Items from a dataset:
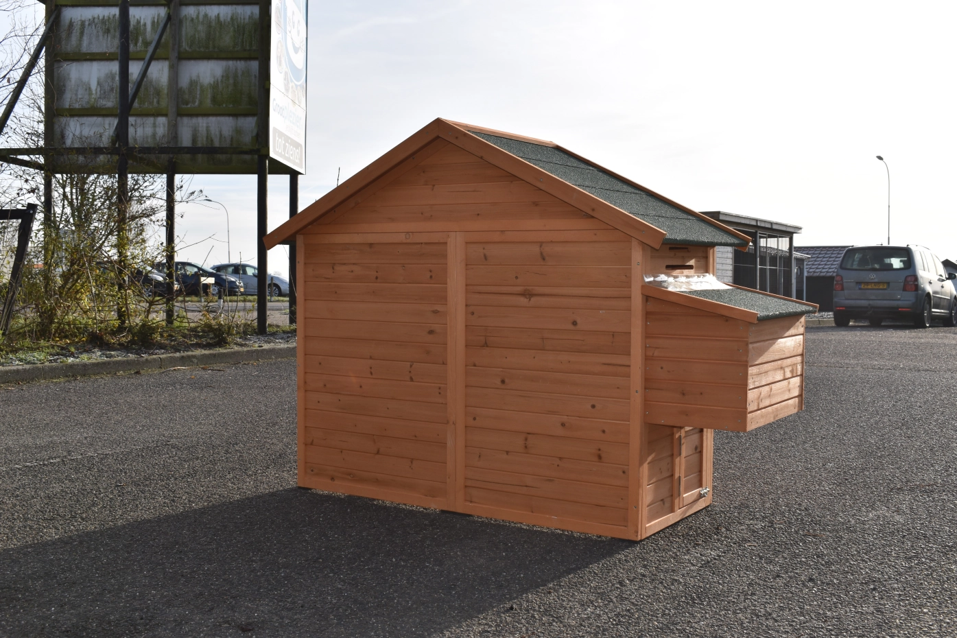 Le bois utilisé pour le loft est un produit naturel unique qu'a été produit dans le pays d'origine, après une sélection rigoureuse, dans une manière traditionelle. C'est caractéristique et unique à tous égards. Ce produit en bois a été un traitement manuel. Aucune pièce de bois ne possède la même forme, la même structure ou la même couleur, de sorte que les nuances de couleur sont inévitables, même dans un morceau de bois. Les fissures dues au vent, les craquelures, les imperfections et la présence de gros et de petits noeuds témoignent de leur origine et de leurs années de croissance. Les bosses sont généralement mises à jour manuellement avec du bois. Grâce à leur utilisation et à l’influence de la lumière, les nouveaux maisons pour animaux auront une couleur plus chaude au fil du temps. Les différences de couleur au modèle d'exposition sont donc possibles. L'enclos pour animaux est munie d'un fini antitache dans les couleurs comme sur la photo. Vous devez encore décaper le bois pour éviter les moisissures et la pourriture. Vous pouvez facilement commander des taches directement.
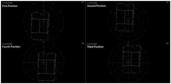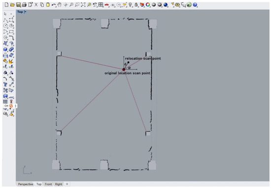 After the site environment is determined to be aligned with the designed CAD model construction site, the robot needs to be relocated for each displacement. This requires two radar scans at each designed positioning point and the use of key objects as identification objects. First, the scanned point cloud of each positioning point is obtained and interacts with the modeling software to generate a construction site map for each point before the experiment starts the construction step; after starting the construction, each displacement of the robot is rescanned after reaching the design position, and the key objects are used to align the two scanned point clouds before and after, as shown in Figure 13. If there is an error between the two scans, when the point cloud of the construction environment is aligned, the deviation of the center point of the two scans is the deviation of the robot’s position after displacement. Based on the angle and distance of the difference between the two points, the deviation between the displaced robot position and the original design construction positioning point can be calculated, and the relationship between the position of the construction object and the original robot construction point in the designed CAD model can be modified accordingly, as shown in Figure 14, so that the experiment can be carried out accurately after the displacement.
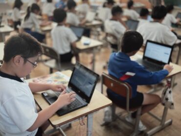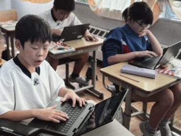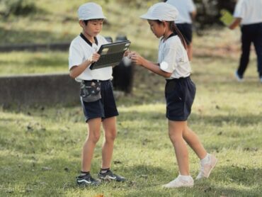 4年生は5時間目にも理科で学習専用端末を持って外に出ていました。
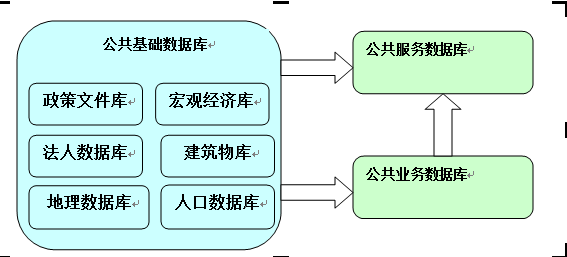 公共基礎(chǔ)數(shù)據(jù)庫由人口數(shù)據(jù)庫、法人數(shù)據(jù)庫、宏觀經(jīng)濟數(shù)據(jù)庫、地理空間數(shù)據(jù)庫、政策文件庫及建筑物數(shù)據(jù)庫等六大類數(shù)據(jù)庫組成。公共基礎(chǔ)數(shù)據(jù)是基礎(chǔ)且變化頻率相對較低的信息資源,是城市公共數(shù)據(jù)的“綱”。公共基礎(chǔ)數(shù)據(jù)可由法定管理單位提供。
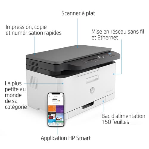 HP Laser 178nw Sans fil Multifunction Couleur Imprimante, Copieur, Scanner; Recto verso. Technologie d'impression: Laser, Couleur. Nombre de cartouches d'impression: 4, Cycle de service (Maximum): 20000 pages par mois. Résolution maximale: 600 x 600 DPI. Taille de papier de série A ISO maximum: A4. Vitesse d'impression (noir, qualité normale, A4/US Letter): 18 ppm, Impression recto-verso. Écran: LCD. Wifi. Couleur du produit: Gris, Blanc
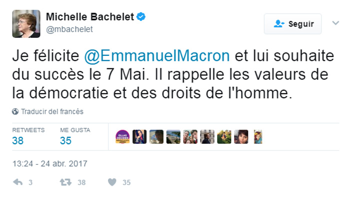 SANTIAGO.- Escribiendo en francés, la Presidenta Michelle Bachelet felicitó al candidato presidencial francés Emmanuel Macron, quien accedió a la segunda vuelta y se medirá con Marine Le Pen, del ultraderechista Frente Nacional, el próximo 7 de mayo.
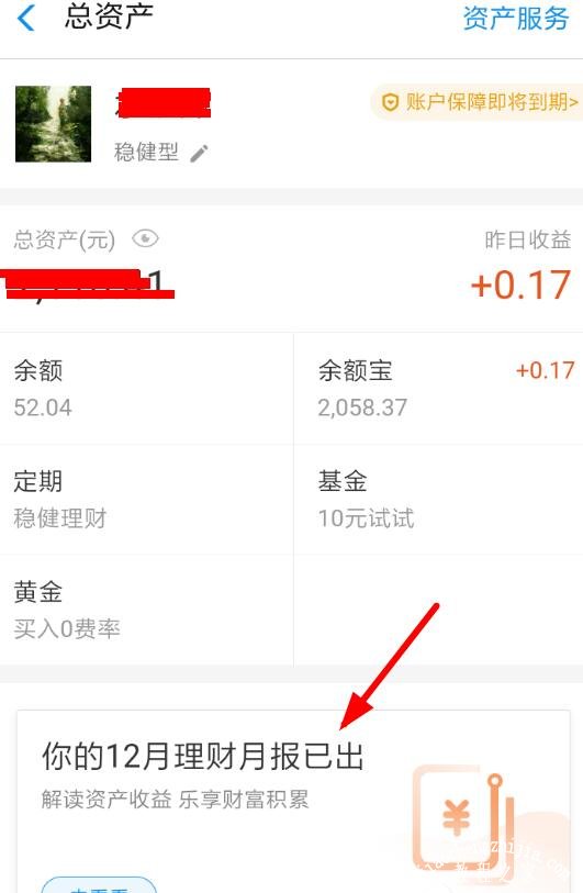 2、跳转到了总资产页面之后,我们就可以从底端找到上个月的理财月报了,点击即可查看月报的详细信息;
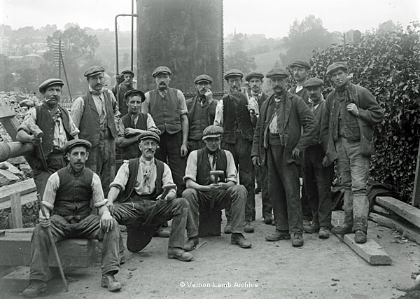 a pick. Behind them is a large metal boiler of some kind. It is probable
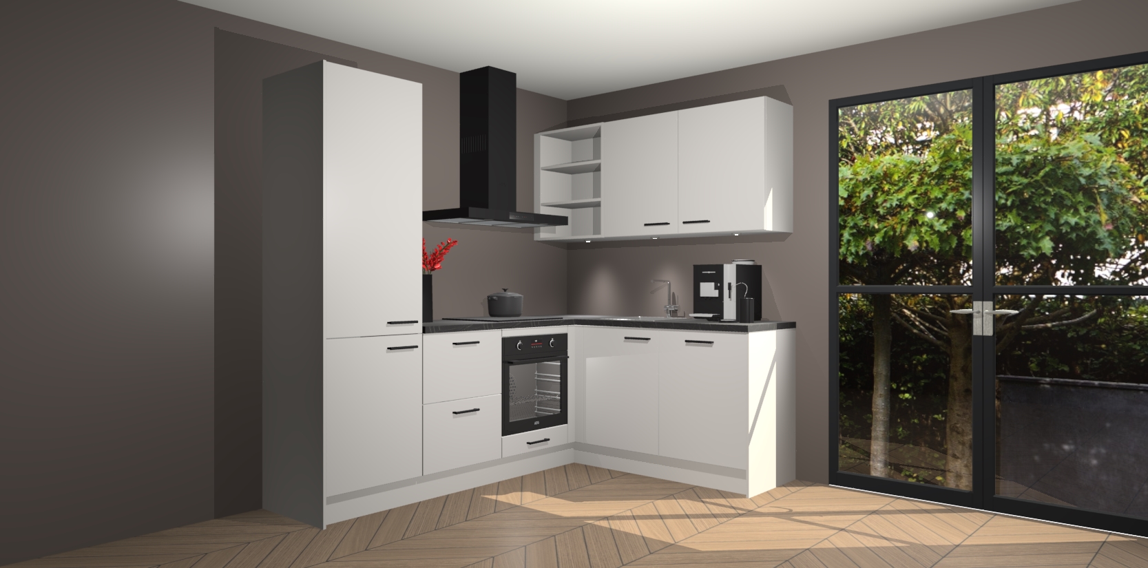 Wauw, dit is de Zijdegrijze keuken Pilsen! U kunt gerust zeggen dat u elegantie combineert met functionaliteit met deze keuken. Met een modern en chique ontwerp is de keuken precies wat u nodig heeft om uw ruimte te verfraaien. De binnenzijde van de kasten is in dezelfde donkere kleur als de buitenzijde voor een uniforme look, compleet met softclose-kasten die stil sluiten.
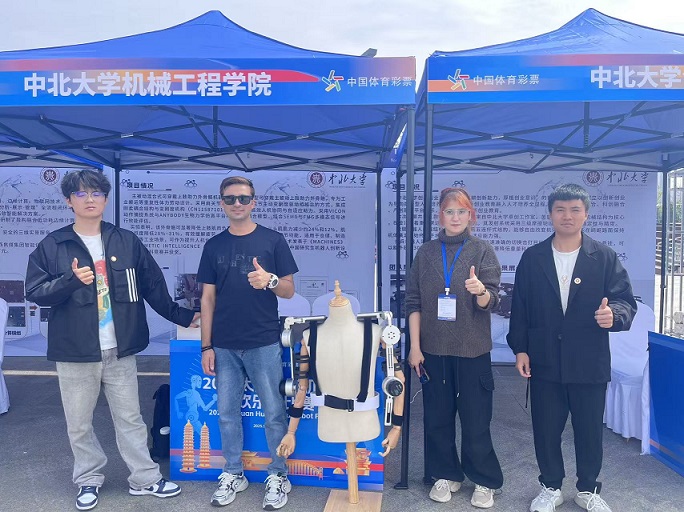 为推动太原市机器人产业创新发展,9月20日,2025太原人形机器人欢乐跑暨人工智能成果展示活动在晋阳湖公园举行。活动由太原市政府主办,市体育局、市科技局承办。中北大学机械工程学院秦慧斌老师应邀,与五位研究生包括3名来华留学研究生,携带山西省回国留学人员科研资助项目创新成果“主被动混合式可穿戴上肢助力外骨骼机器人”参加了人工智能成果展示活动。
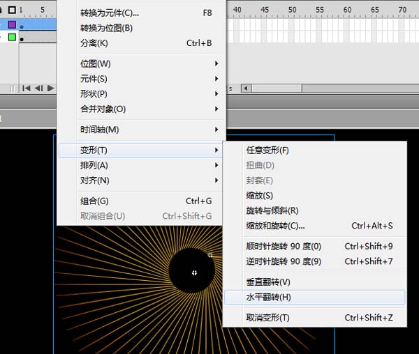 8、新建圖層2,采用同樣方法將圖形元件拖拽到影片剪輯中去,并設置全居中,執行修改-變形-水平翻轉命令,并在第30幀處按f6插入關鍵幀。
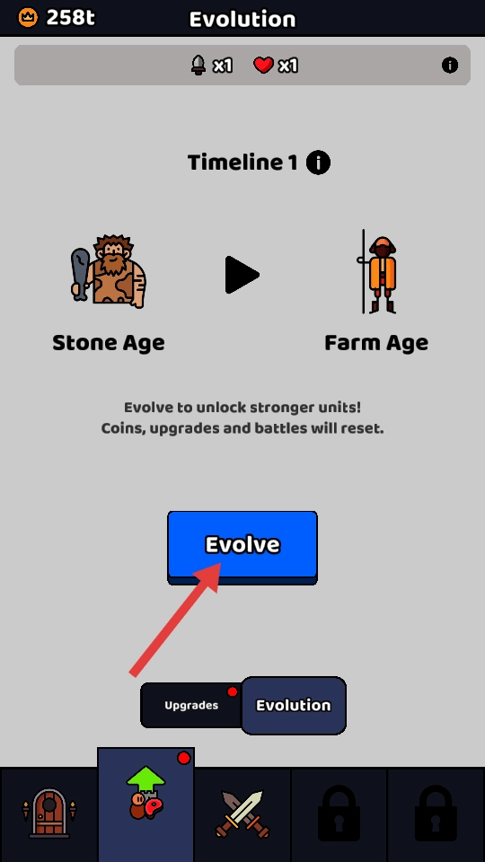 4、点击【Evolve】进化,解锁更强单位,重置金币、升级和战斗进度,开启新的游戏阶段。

PROBLEM DESCRIPTION: Repeat exactly the lines in the entries from the one containing "Wauw, dit is" to the final line, inclusive, and nothing beyond them; skip pictures.

SOLUTION TO THIS PROBLEM:
 Wauw, dit is de Zijdegrijze keuken Pilsen! U kunt gerust zeggen dat u elegantie combineert met functionaliteit met deze keuken. Met een modern en chique ontwerp is de keuken precies wat u nodig heeft om uw ruimte te verfraaien. De binnenzijde van de kasten is in dezelfde donkere kleur als de buitenzijde voor een uniforme look, compleet met softclose-kasten die stil sluiten.
 为推动太原市机器人产业创新发展,9月20日,2025太原人形机器人欢乐跑暨人工智能成果展示活动在晋阳湖公园举行。活动由太原市政府主办,市体育局、市科技局承办。中北大学机械工程学院秦慧斌老师应邀,与五位研究生包括3名来华留学研究生,携带山西省回国留学人员科研资助项目创新成果“主被动混合式可穿戴上肢助力外骨骼机器人”参加了人工智能成果展示活动。
 8、新建圖層2,采用同樣方法將圖形元件拖拽到影片剪輯中去,并設置全居中,執行修改-變形-水平翻轉命令,并在第30幀處按f6插入關鍵幀。
 4、点击【Evolve】进化,解锁更强单位,重置金币、升级和战斗进度,开启新的游戏阶段。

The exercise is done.